Il y eut « Nénesse » ainsi appelait-on l’Abbé Ernest Deschamps avec effronterie mais affection, et il y en a eu beaucoup d’autres, Georges Heissat, Jacques Soisson, Jean Garnault, Emile Martin, Jean-Claude Hamel-Guy Roux, premier tandem, Jean-Pierre Soisson, Gérard Bourgoin, Claude Laguillaumie, Michel Chauffournais pour ne citer que des chefs de chantier. Des dirigeants qui étaient aussi pour la plupart impliqués dans la vie municipale, élus par leurs concitoyens. Jean-Pierre Soisson, maire d’Auxerre (1971-1998) se plaît à rappeler qu’aucune grande décision concernant la ville n’était prise sans avoir consulté Guy Roux  (ils étaient ensemble au lycée Jacques-Amyot) et inversement, lorsqu’il s’agissait de l’AJA.

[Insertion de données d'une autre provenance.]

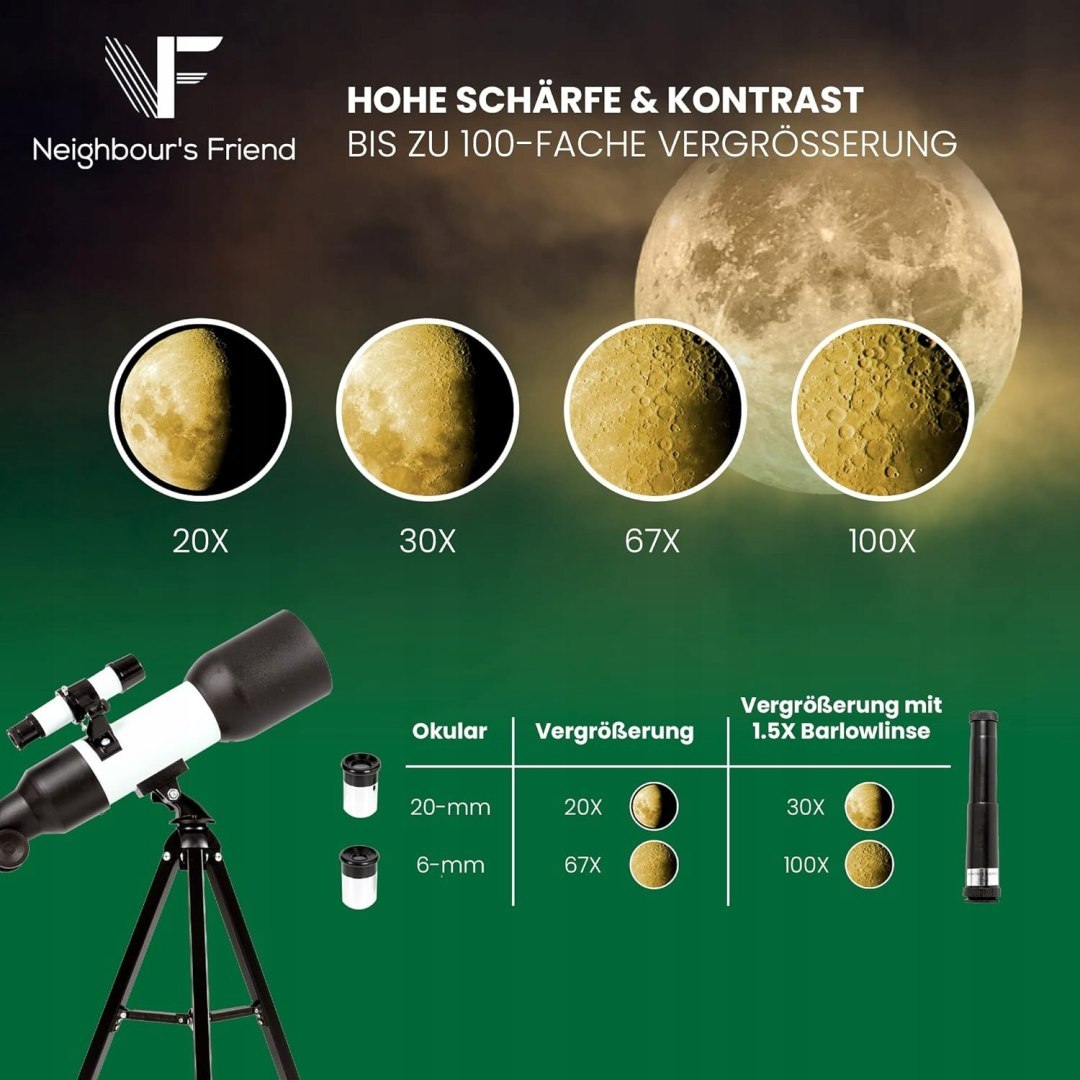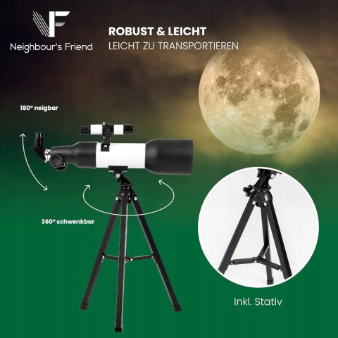 dzięki soczewce obiektywowej 60 mm do teleskopu wpada dużo światła – wysoka wydajność zbierania światła zapewnia ostre i kontrastowe obrazy – idealne dla początkujących i hobbystów.

Comment s’étonner que la formation soit la pierre angulaire du développement de l’AJA dès lors qu’elle est inscrite dans les statuts écrits par l’Abbé-Deschamps en 1905 ? Former pour faire grandir et élever. Le credo identitaire s’est transformé en modèle économique pour exister et progresser. C’est ainsi qu’Auxerre a généré nombre de joueurs de talent à renommée internationale, dont Ferreri, Cantona, Boli, Bats, Martini, Goma, Kapo, Diaby,Prunier,Sagna, Vahirua, Perrier-Doumbé, Kaboul, Cissé, Mexès et en a fait renaître d’autres, Laurent Blanc, Enzo Scifo … Comme une PME, l’AJA a besoin de vendre ses produits pour pérenniser son action.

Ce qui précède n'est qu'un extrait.